Mevrouw Van Toorenburg wil het andere voorstel bekijken. De uitleg van het onderwerp blijft dus nog even bij de heer Recourt en mij rusten. Over een aantal jaren zullen wij het bekijken.

Mevrouw Berndsen-Jansen (D66):

Ik heb nog een vraag over ZSM. De staatssecretaris zegt dat zorgvuldigheid heel goed met snelheid en efficiency kan samengaan. Deze wet zal ervoor zorgen dat door de officier van justitie nadrukkelijker moet worden bekeken voor welke optie gekozen moet worden. Dit is misschien toch een punt dat in de evaluatie moet worden meegenomen. Soms moet de (jeugd)reclassering een rapport maken en daarmee kan de snelheid afnemen. Ik vraag de staatssecretaris om dit te monitoren en bij de evaluatie mee te nemen.

Staatssecretaris Teeven:

Wij kunnen het ook bij de ZSM-evaluatie meenemen. Ik zal met de minister overleggen in hoeverre wij op een eerder moment zichtbaar kunnen maken of je moet overleggen in de frontoffice van de ZSM-tafel of in de backoffice over de maatregelen.

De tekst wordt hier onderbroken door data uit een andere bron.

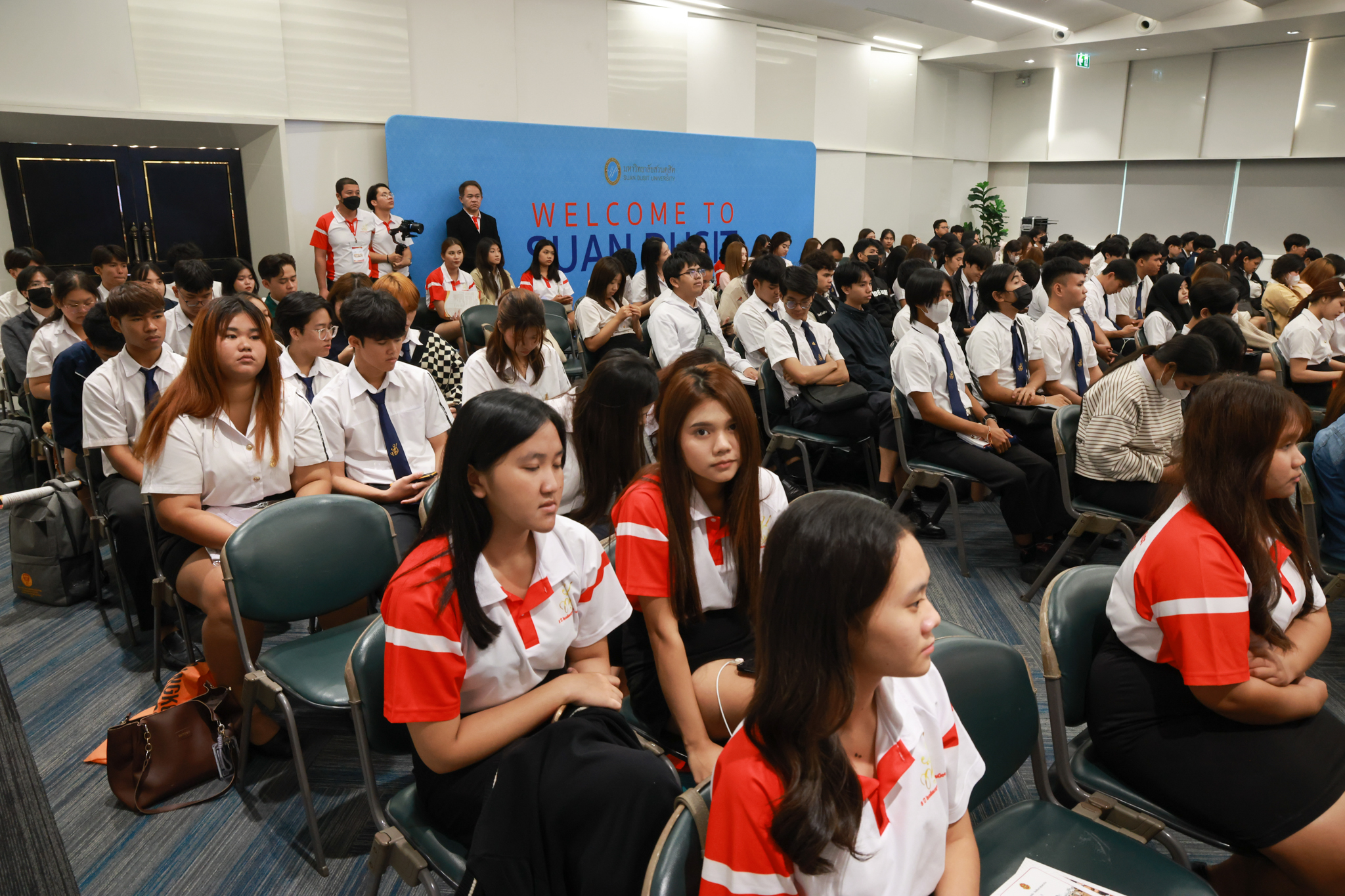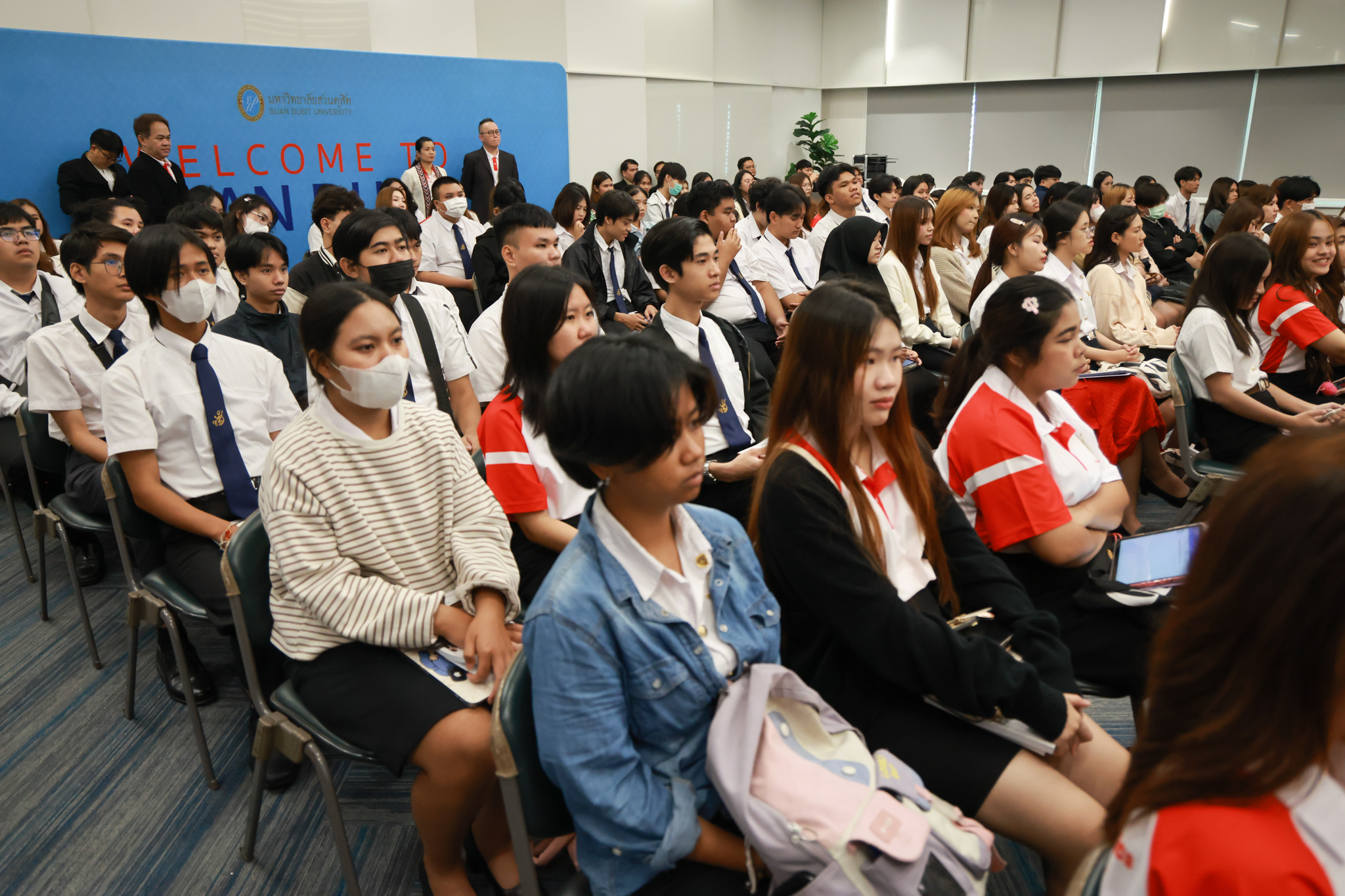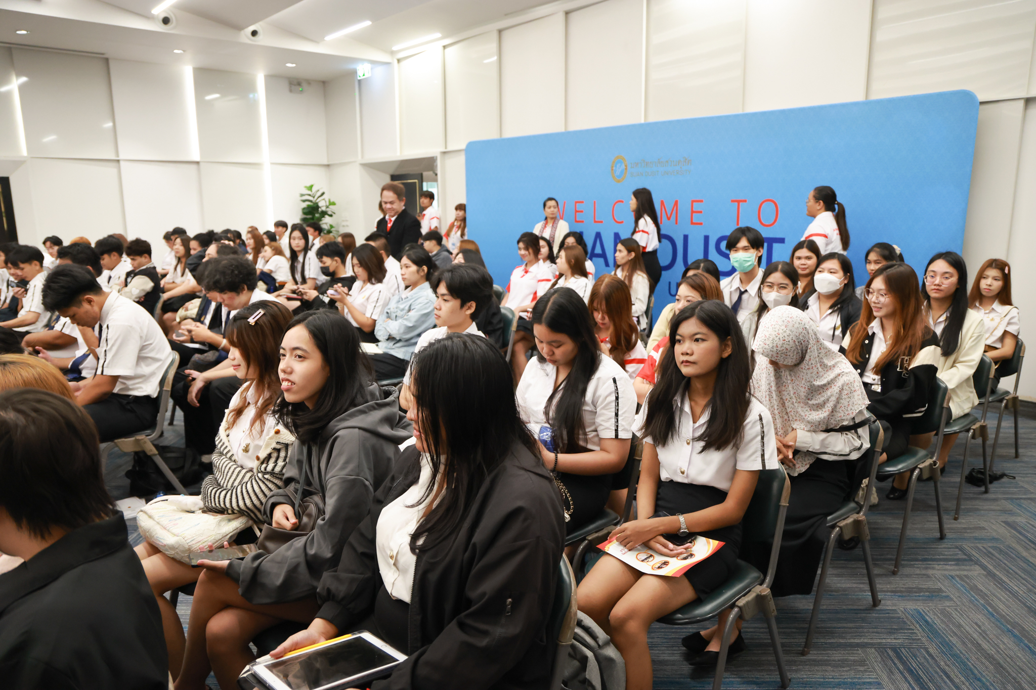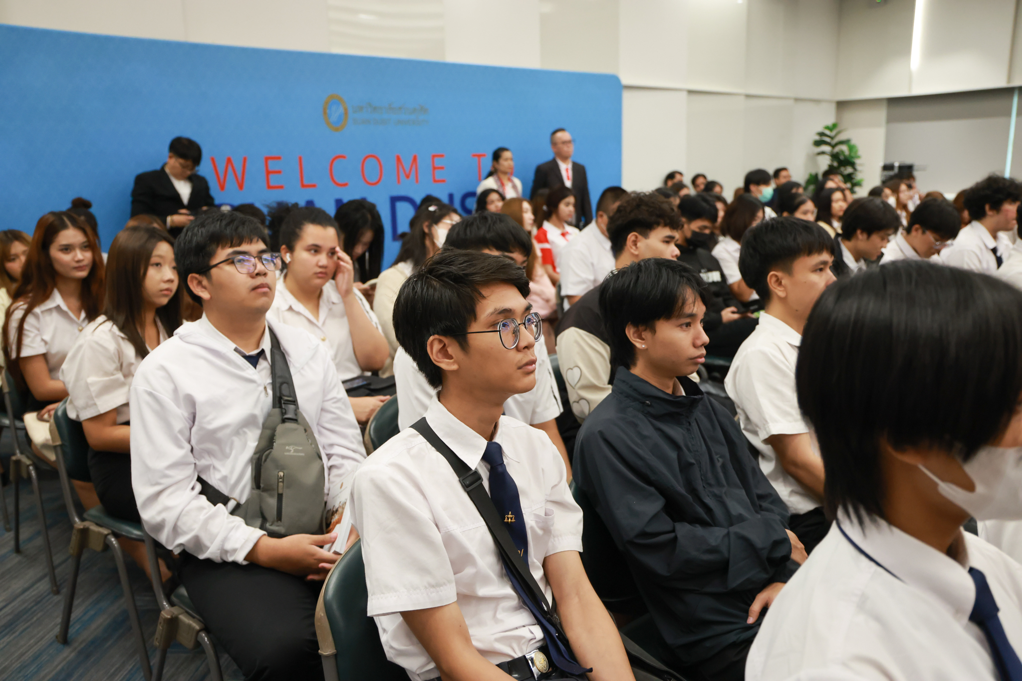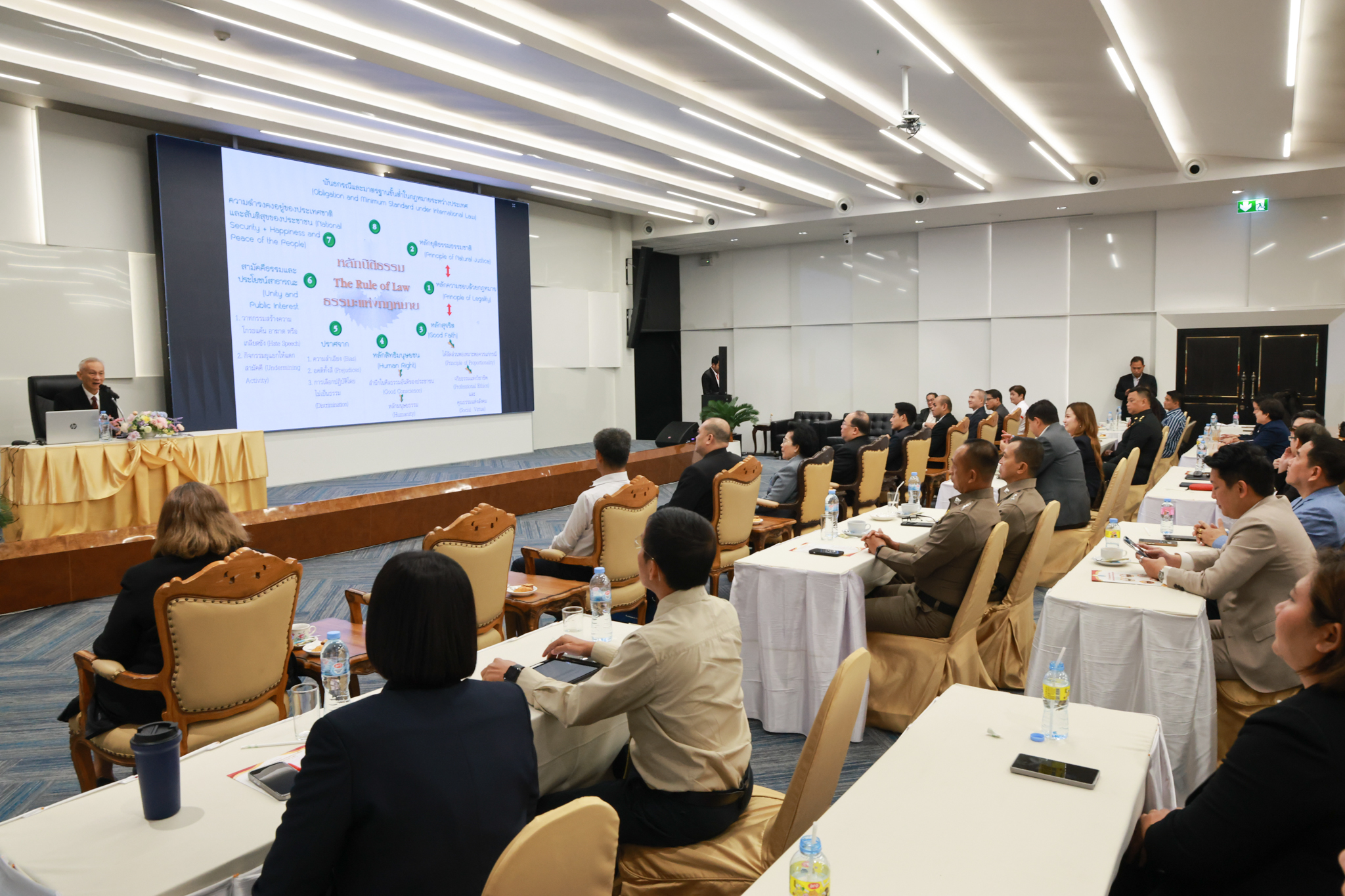 โรงเรียนกฎหมายและการเมือง จัดปาฐกถาพิเศษและเสวนาวิชาการ ในโอกาส ครบรอบ 8 ปี โรงเรียนกฎหมายและการเมือง : อัตลักษณ์ใหม่แห่งมหาวิทยาลัยสวนดุสิต โดย รศ.ดร.ธนภัทร ปัจฉิมม์ ประธานกรรมการดำเนินงาน กล่าวต้อนรับและวัตถุประสงค์การดำเนินงาน กิจกรรมในช่วงแรก ปาฐกถาพิเศษ ได้รับเกียรติจาก ศาสตราจารย์พิเศษ จรัญ ภักดีธนากุล อดีตตุลาการศาลรัฐธรรมนูญ/กรรมการกฤษฎีกา คณะที่ 11 ในหัวข้อ ภาวะผู้นำกับหลักนิติธธรม : เส้นทางยุติธรรมในสังคมไทย โดยความร่วมมือของ โรงเรียนกฎหมายและการเมือง ร่วมกับ สถาบันศิโรจน์ ผลพันธิน
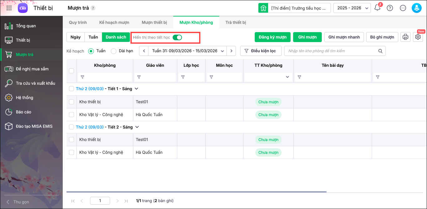 - Vào Mượn trả/Mượn kho phòng. Bật tùy chọn Hiển thị theo tiết học
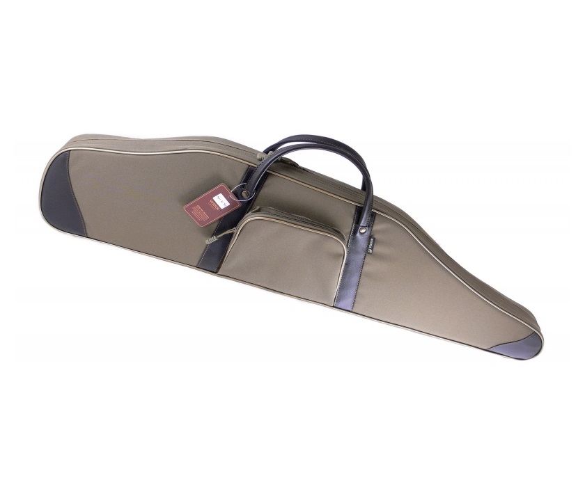 Чехол из синтетической ткани, рекомендован для хранения и переноски винтовки с прицелом. Материал использован плотный и износоустойчивый. Детали отделки из кожи: ручки для переноски и накладки на краях чехла. С одной стороны есть наружный карман для полезных мелочей на молнии с одним замком. С другой стороны находится регулируемый ремень, который позволяет переносить чехол не только за ручки в горизонтальном положении, но и на одном плече вертикально.
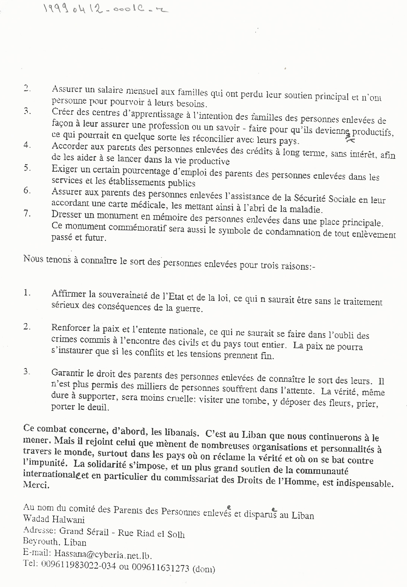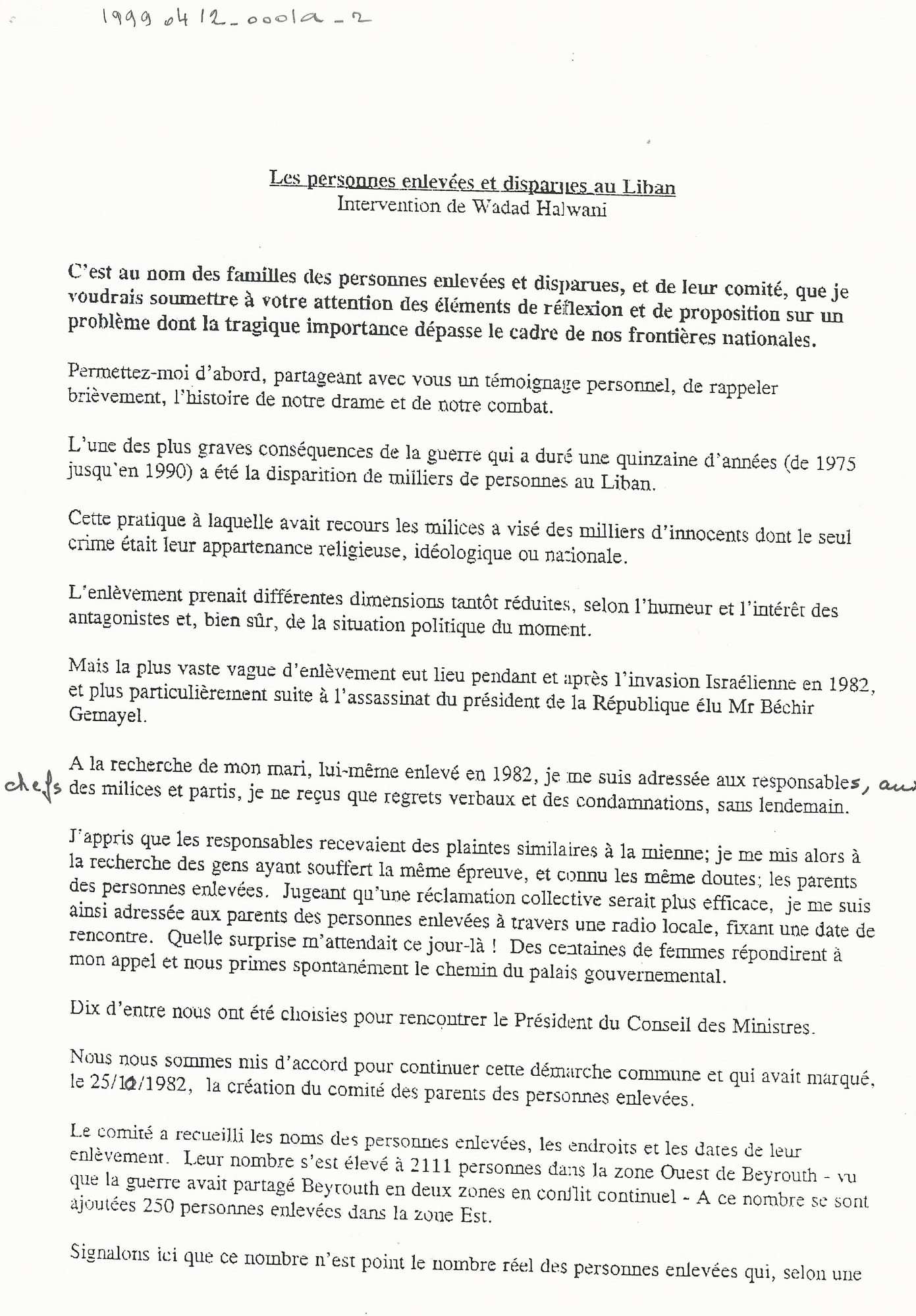 - fr Les personnes enlevees et disparues au Liban: Intervention de Wadad Halwani
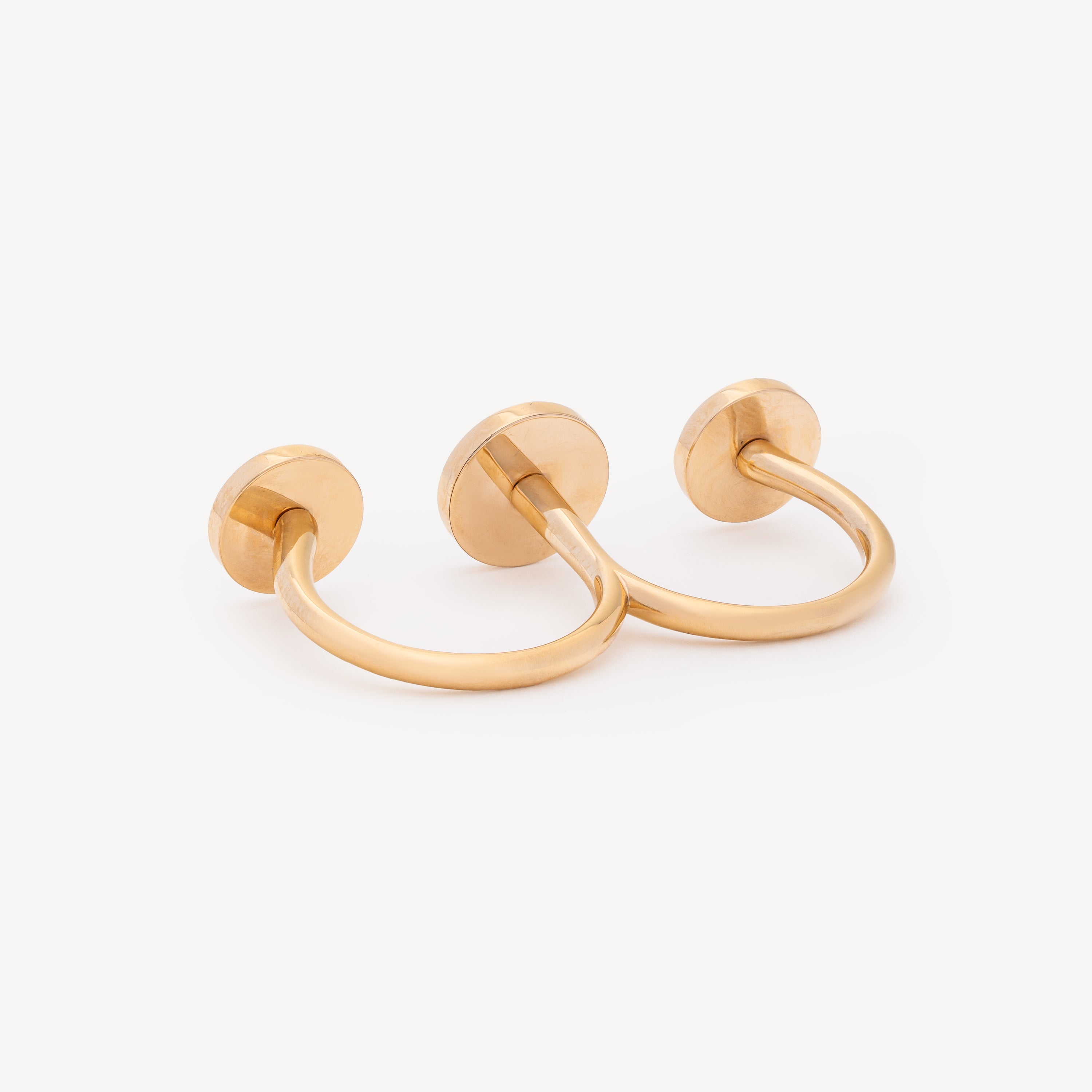 Cette bague double présente deux anneaux ainsi qu’un trio de pierres en malachite et nacre.
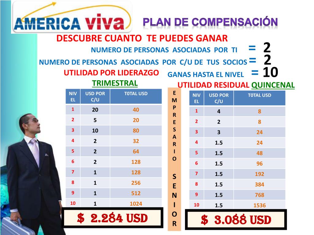 Plan de compensación DESCUBRE CUANTO TE PUEDES GANAR NUMERO DE PERSONAS ASOCIADAS POR TI = 2 NUMERO DE PERSONAS ASOCIADAS POR C/U DE TUS SOCIOS = 2 GANAS HASTA EL NIVEL = 10 UTILIDAD POR LIDERAZGO TRIMESTRAL UTILIDAD RESIDUAL QUINCENAL E M P R E S A R I O S E N I O R $ 2.284 USD $ 3.088 USD

Ik denk dat ik daarmee alle vragen en moties heb behandeld.

De algemene beraadslaging wordt gesloten.

De voorzitter:

Ik dank de staatssecretaris voor zijn deelname aan het debat. Wij stemmen aanstaande dinsdag over de wet, het amendement en de drie moties.

De vergadering wordt van 13.20 uur tot 14.15 uur geschorst.